▶ [PROMPT] In the records below, reproduce exactly the lines from the one containing "北九州市八幡東区のお客様より" through the one containing "overblijft | |", both included, and omit the pictures.
EXERCISE MATERIALS below:
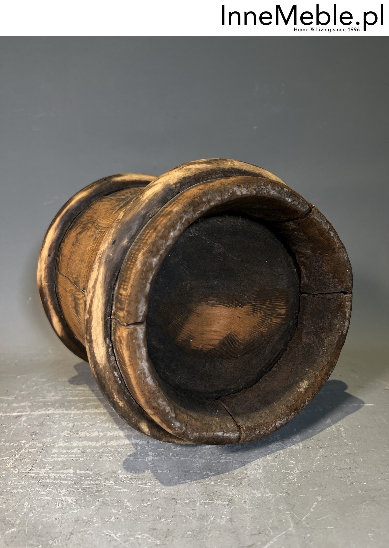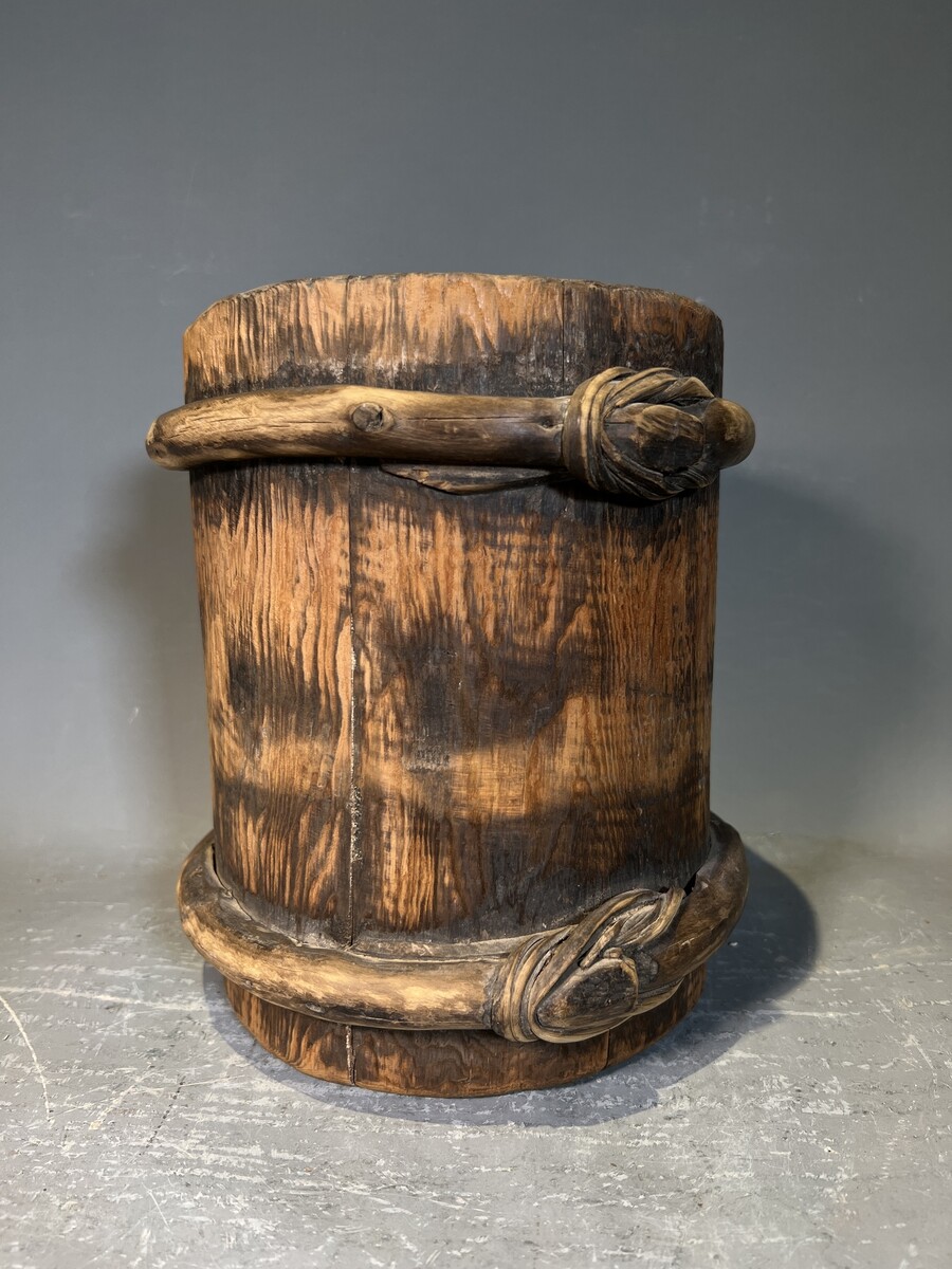 Wiadro z drewna, oryginalne stare wiadro, pojemnik z drewna
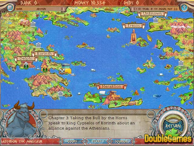 Tradewinds Odyssey est un jeu d'aventure avec des éléments de stratégie. Comme un marchand antique vous devez voyager à travers le monde entier et vendre vos marchandises partout. Mais vous devez être très prudent parce que la mer est pleine de dangers. Des pirates, des concurrents et d'autre enviers essayeront de ruiner votre entreprise commerciale. Pour protéger l'affaire, vous devez dépenser le revenu pour améliorer et renforcer votre flotte et en faire une force puissante! Cinq héros les plus forts et tas de dieux antiques sont sur votre côté, ne gaspillez pas votre temps en vain!
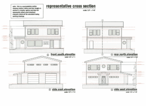 The office will run the length of the building’s south side and be fronted by a new sidewalk that the building’s roof – with lighting pointing down – will overhang. The bay doors will face east where there will be a parking lot with five spaces. Two more parking spaces will be located on the north side of the building. The west side will have a more residential look with stairs going up between the apartments.
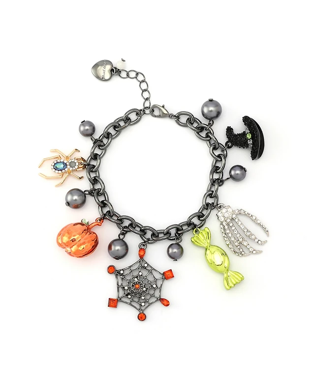Betsey Johnson Faux Stone Straight Back to School Cultivated Pearl Charm Bracelet
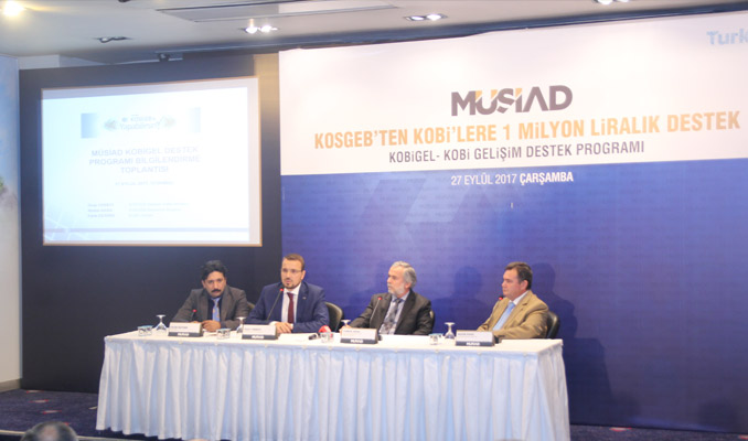 MÜSİAD Genel Merkez’de gerçekleşen “KOSGEB’den 1 Milyon Liralık Destek” programında; KOSGEB İkitelli Müdürü Özay Cebeci, KOSGEB Başkan Müşaviri Nedim Kara, KOBİ Uzmanı Fatih Öztürk ve MÜSİAD Proje, Yatırım ve Destekler Kurulu Başkanı Yunus Aksu birer sunum gerçekleştirdi. Cebeci, üretim ve ihracatta teknoloji seviyesi yüksek, katma değerli ürünlerin ve KOBİ’lerin payının artırılması amacıyla hazırlanan KOBİ Gelişim Destek Programının (KOBİGEL) tanıtımını yaptı.
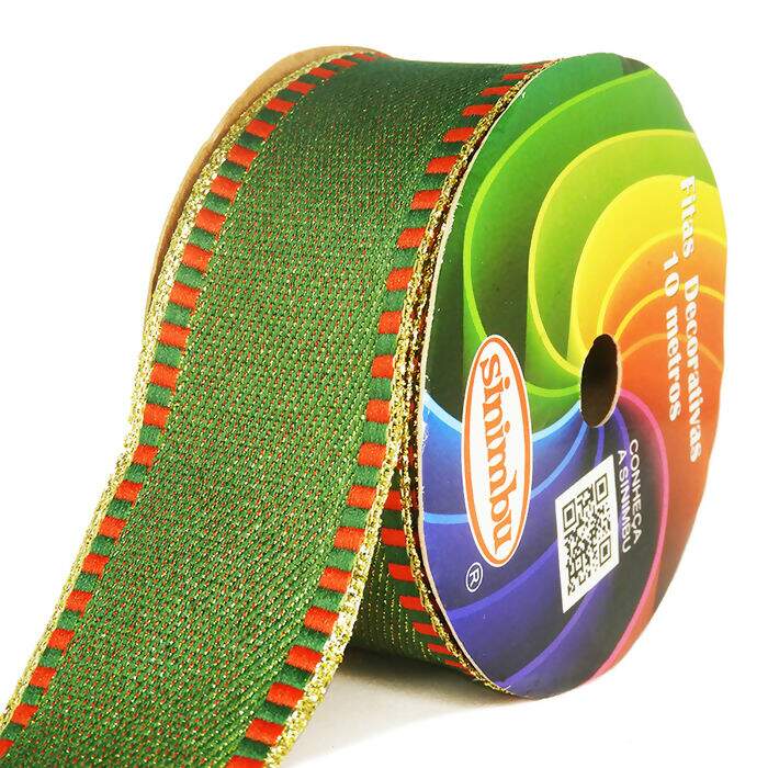 Descrição Fita Jeans Natalina 1834 Sinimbu Lurex Verde com Dourado 10m
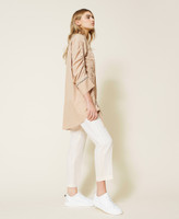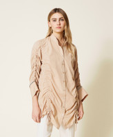 Juego de fruncidos gracias a los cordones de ajuste y cordones en el pecho y en las mangas para esta maxicamisa de algodón de rayas jacquard, con cuello alto mao, cierre con botones, puños muy altos decorados con un bordado de engastes y abrochados con tres botones con el logotipo, canesú y fuelle en la parte trasera. Dará un toque chic a tus looks en un día caluroso en la ciudad.
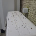 北九州市八幡東区のお客様よりコウモリ駆除のご依頼でした。駆除と言ってもコウモリは鳥獣保護法で保護動物となっていますので殺すことは出来ません。作業は追い出して侵入してこないように穴を塞ぐという内容になります。コウモリの侵入口は何処なのか?何処を伝ってきているのかを細かく見て調べていきます。クーラー周辺ですから範囲は限られてきます。
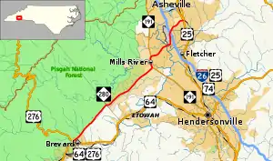 Although the highway runs primarily through rural farming and residential areas for most of its length, the stretch between Fanning Bridge Road and US 25 currently represents the most developed section of the highway. A growing number of national retailers, restaurants, and hotels can be found within a half-mile of the I-26/US 74 interchange.[3][4] Landmarks along this section of highway include Asheville Regional Airport and the WNC Agricultural Center, site of the annual North Carolina Mountain State Fair. For 10.1 miles (16.3 km) of its path through Transylvania and Henderson counties, the highway runs adjacent to the eastern boundary of Pisgah National Forest.[1]
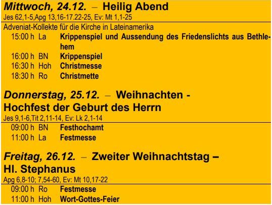 Aktuelle Informationen zur folgenden Woche: Alle: WICHTIG: Aufruf der Bischöfe zur ==>Adveniat-Kollekte zu Weihnachten und Bitte um großzügige Spenden. Alle: Aktuell/Info: Sie können sich für den Besuch der ==>STERNSINGER anmelden.
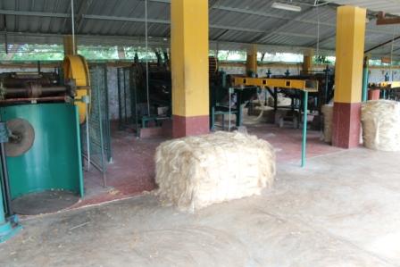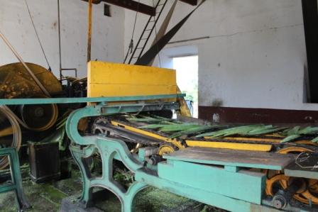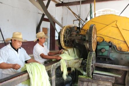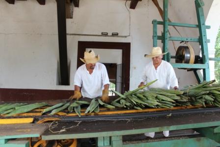 | In de machine worden de bladen dubbel gevouwen en de sisalvezels worden er uitgetrokken | waarna de groene pulp overblijft | |
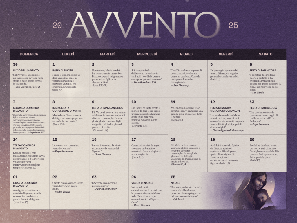 | Avvento 2025 | Domenica 30 novembre 2025 | Mercoledì 24 dicembre 2025 |
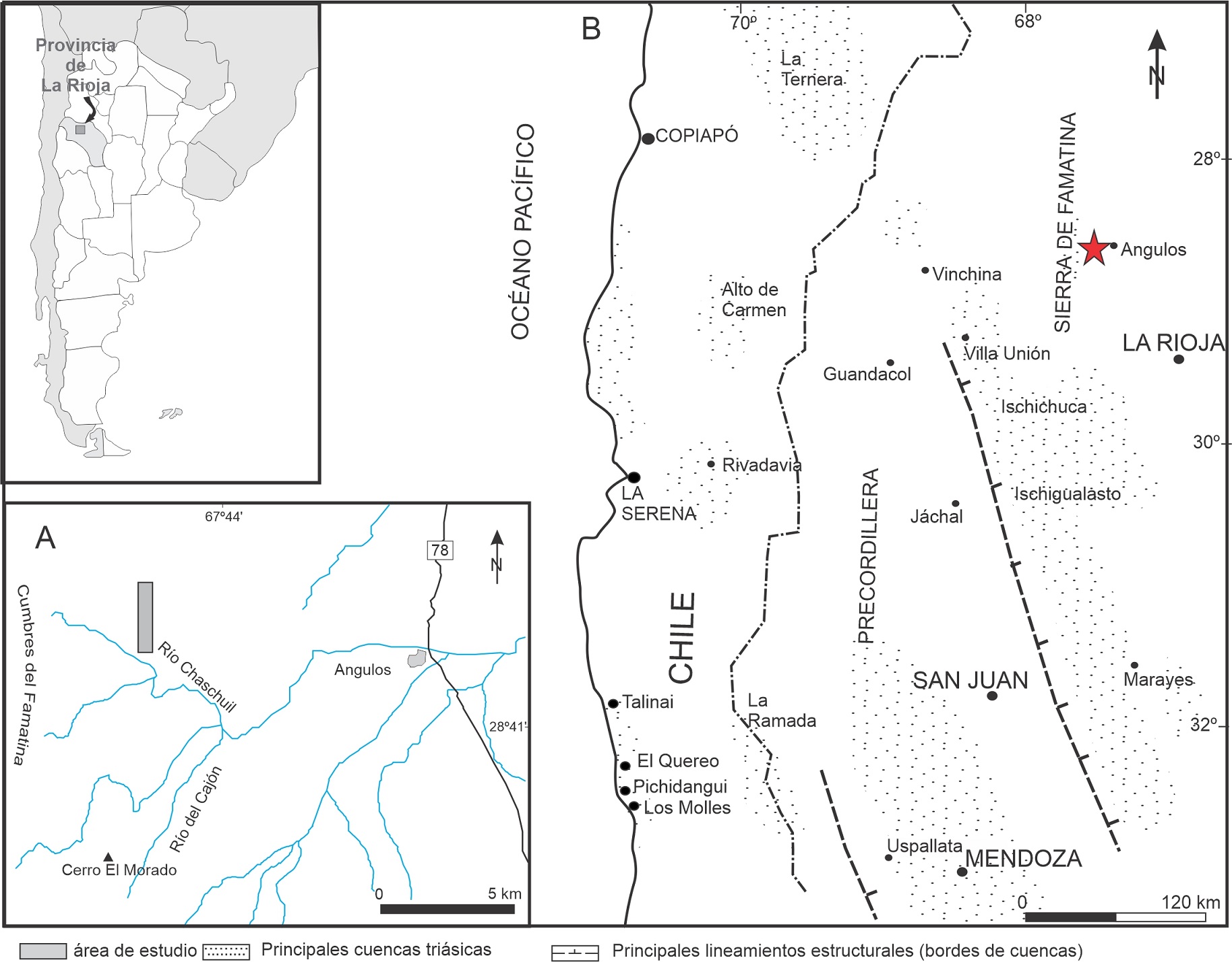 FIG. 1. Ubicación del área estudiada. A. Detalle de la ubicación de la localidad tipo. B. Bosquejo de la distribución de cuencas triásicas en la región y ubicación del área estudiada (estrella roja).
End of EXERCISE MATERIALS.
▶ [EXERCISE RESULT]
 北九州市八幡東区のお客様よりコウモリ駆除のご依頼でした。駆除と言ってもコウモリは鳥獣保護法で保護動物となっていますので殺すことは出来ません。作業は追い出して侵入してこないように穴を塞ぐという内容になります。コウモリの侵入口は何処なのか?何処を伝ってきているのかを細かく見て調べていきます。クーラー周辺ですから範囲は限られてきます。
 Although the highway runs primarily through rural farming and residential areas for most of its length, the stretch between Fanning Bridge Road and US 25 currently represents the most developed section of the highway. A growing number of national retailers, restaurants, and hotels can be found within a half-mile of the I-26/US 74 interchange.[3][4] Landmarks along this section of highway include Asheville Regional Airport and the WNC Agricultural Center, site of the annual North Carolina Mountain State Fair. For 10.1 miles (16.3 km) of its path through Transylvania and Henderson counties, the highway runs adjacent to the eastern boundary of Pisgah National Forest.[1]
 Aktuelle Informationen zur folgenden Woche: Alle: WICHTIG: Aufruf der Bischöfe zur ==>Adveniat-Kollekte zu Weihnachten und Bitte um großzügige Spenden. Alle: Aktuell/Info: Sie können sich für den Besuch der ==>STERNSINGER anmelden.
 | In de machine worden de bladen dubbel gevouwen en de sisalvezels worden er uitgetrokken | waarna de groene pulp overblijft | |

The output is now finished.